The WIP Raven Post # 4 My Artist's Way and the Search for the Spark
In which I've been doing the Artist Way for a few weeks now and rekindling my creativity by revisiting things that spark my inner-child.
I’ll be completely honest in my Substack, the burnout has been bad. After nearly two years of trying to get Love and Justice, book 2 of my New Heroes series, I’ve started feeling lost and hopeless. It scares me to think I’d attempted to do this since 2021, fresh after publishing my first novel, only to find myself constantly having to push back the release dates, and ultimately removing any sign of a concrete date (for the time being).
Enter The Artist’s Way by Julia Cameron. I heard about this book from a class I was watching on Skillshare sometime last year and hadn’t really thought much of it other than adding the title to my Kindle list. At the time, I didn’t really know how to get a copy, much of what it really was about, or if I really needed it. It was only until I watched a series of vlogs by Youtuber and artist, Apple Cheeks, that I considered its use.
I was an artist/writer with burnout and I was a creative who felt like I lost my spark. I ordered a copy online, since I’ve now learned how to buy books via Amazon, shipped to the Philippines, and then waited anxiously for it to come, hoping that maybe this might give me a new spark or at least some insight.So started my three months of reading through the essays, Morning Pages, and mindfully addressing Time-Spent-Doing-What-I-Want Artist’s Dates.
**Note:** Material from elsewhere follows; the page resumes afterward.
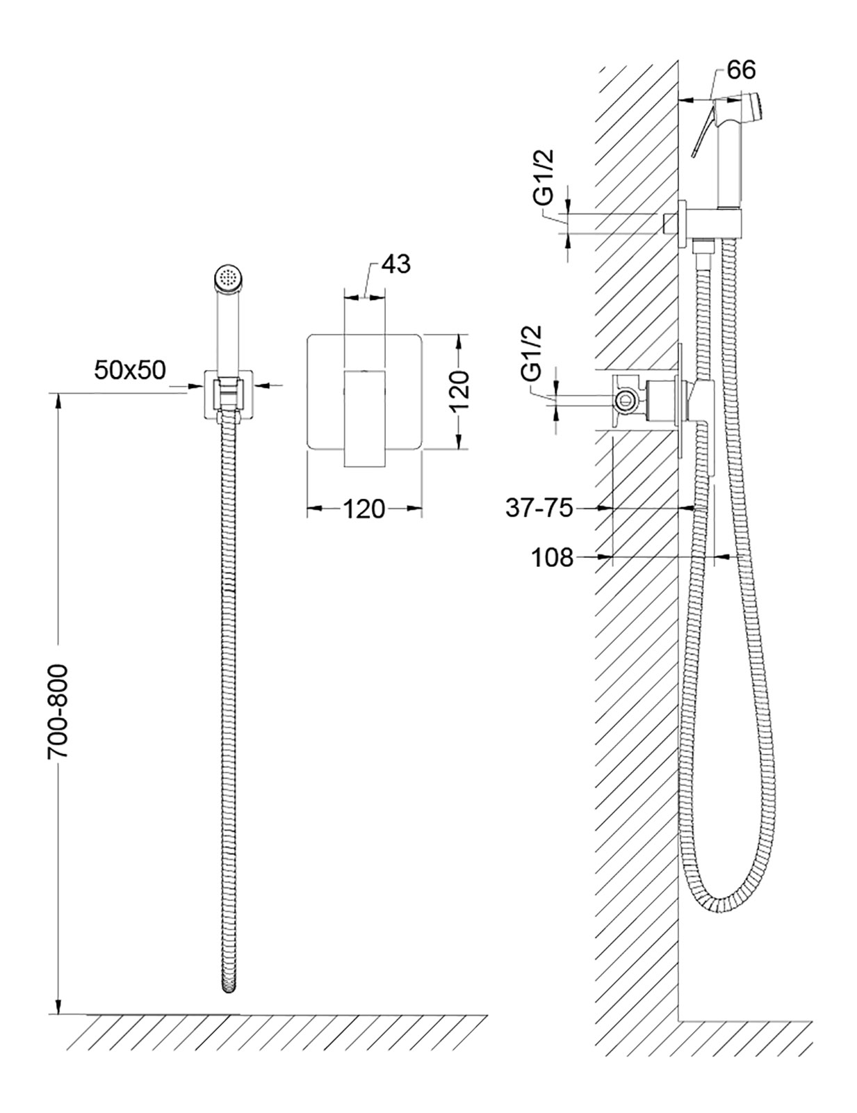 Все коммуникации, крепления и механизмы спрятаны в стену и закрыты декоративной накладкой, снаружи находится только рычаг управления смесителем и держатель гигиенической лейки с подключеним шланга, такая модель отлично сочетается с инсталляцией для унитаза. Длины шланга 1,2 метра хватает для решения гигиенических задач. Можно также использовать например, для мытья собаки после прогулки или наполнения ведра воды и т.д.

Typing this down a week or so after the fact feels like I’m still processing or trying to gather my thoughts about everything I’ve learned, but I know that if I don’t try to write something now I might lose my momentum and never document at all.
One of my main takeaways from The Artist’s Way is connecting my faith to my art in a way that I’ve never once thought I could be allowed to but somehow something that, deep down, has always been something I’ve needed. It really hit home for me, especially as someone who has a propensity for reflection and overthinking personal morals.
I used to think that indulgence and following one’s true passions might lead to destruction, selfishness, and ruin. I used to think that I had to conform to what seems to be ‘acceptable’ for an adult—find a job that ‘makes sense’, for example, or write the kind of book or do the kind of work that more people would like. I never once considered that one’s ‘inner artist’ is something that needed to be cared for, or that one’s own desires, likes, and dislikes mattered so much in connection with one’s taste and artistic signature.
In reading The Artist’s Way, I felt like I found myself and discovered a new way of connecting with God and my faith. I learned, probably for the first time in my adult life, to be kind to myself. Truly kind.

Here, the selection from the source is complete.